Lee Seung-Tae, Muench Marcus O, Fomin Marina E, Xiao Jianqiao, Zhou Mi, de Smith Adam, Martín-Subero José I, Heath Simon, Houseman E Andres, Roy Ritu, Wrensch Margaret, Wiencke John, Metayer Catherine, Wiemels Joseph L
Department of Epidemiology and Biostatistics, University of California at San Francisco, San Francisco, CA 94158, USA Department of Laboratory Medicine, Yonsei University College of Medicine, Seoul 120752, Republic of Korea.

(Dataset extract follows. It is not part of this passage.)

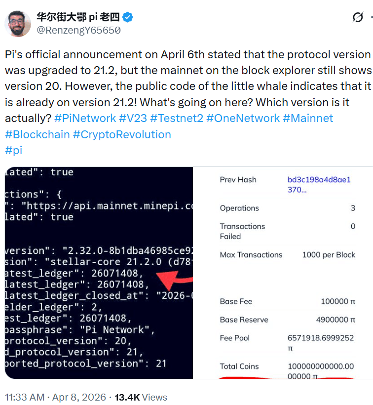 Pi Network于4月6日宣布将其主网协议从版本20升级至21.2,然而这一变更在公开区块链浏览器中尚未体现,系统仍显示为旧版本。该现象导致用户对网络状态与升级进度产生广泛疑问,凸显技术部署与对外呈现之间的脱节。

Blood Systems Research Institute, University of California at San Francisco, San Francisco, CA 94158, USA Liver Center and Department of Laboratory Medicine, University of California at San Francisco, San Francisco, CA 94158, USA.
Nucleic Acids Res. 2015 Mar 11;43(5):2590-602. doi: 10.1093/nar/gkv103. Epub 2015 Feb 17.

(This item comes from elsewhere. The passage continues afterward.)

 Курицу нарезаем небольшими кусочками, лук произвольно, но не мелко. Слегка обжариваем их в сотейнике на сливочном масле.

We investigated DNA methylomes of pediatric B-cell acute lymphoblastic leukemias (B-ALLs) using whole-genome bisulfite sequencing and high-definition microarrays, along with RNA expression profiles. Epigenetic alteration of B-ALLs occurred in two tracks: de novo methylation of small functional compartments and demethylation of large inter-compartmental backbones. The deviations were exaggerated in lamina-associated domains, with differences corresponding to methylation clusters and/or cytogenetic groups. Our data also suggested a pivotal role of polycomb and CTBP2 in de novo methylation, which may be traced back to bivalency status of embryonic stem cells. Driven by these potent epigenetic modulations, suppression of polycomb target genes was observed along with disruption of developmental fate and cell cycle and mismatch repair pathways and altered activities of key upstream regulators.

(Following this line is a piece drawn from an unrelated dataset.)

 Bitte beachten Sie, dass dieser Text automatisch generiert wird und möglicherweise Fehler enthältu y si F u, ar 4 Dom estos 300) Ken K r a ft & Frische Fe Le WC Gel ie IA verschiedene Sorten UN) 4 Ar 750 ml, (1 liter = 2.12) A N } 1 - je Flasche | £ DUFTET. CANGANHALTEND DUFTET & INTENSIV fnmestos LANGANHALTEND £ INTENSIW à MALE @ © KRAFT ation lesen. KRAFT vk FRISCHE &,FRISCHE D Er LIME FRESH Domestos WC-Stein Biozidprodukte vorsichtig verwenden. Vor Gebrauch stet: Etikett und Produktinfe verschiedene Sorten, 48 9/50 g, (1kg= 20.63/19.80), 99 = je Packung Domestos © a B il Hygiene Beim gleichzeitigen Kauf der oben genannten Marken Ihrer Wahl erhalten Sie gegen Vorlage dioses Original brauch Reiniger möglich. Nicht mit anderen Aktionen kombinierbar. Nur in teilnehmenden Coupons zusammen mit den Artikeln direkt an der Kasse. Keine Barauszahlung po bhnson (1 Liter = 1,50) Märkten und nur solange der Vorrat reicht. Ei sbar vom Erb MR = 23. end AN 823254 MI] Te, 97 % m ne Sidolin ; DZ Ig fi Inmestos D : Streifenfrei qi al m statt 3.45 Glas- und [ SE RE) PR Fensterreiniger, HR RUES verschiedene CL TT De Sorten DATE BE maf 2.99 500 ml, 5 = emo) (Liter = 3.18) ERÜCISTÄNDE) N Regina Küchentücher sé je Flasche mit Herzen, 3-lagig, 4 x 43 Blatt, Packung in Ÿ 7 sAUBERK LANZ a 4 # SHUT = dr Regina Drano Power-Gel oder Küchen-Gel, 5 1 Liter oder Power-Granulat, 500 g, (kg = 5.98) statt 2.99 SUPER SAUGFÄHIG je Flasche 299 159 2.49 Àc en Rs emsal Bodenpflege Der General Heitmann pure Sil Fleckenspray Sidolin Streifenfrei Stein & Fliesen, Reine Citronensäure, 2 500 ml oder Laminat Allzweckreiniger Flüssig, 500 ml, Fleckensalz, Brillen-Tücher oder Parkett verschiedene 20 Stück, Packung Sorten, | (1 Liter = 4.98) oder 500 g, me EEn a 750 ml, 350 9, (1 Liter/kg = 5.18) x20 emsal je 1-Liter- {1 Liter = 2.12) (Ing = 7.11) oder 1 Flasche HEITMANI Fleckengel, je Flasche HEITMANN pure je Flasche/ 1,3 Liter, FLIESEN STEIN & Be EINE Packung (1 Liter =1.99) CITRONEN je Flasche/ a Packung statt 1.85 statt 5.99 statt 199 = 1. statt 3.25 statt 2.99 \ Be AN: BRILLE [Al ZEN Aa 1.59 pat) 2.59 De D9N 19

我们使用全基因组亚硫酸氢盐测序、高清微阵列以及RNA表达谱,对儿童B细胞急性淋巴细胞白血病(B-ALL)的DNA甲基化组进行了研究。B-ALL的表观遗传改变发生在两条轨迹上:小功能区室的从头甲基化和大的区间主干的去甲基化。这些偏差在与核纤层相关的结构域中被放大,差异与甲基化簇和/或细胞遗传学组相对应。我们的数据还表明,多梳蛋白和CTBP2在从头甲基化中起关键作用,这可能追溯到胚胎干细胞的双价状态。在这些强大的表观遗传调控作用下,观察到多梳蛋白靶基因的抑制,同时发育命运、细胞周期和错配修复途径受到破坏,关键上游调节因子的活性发生改变。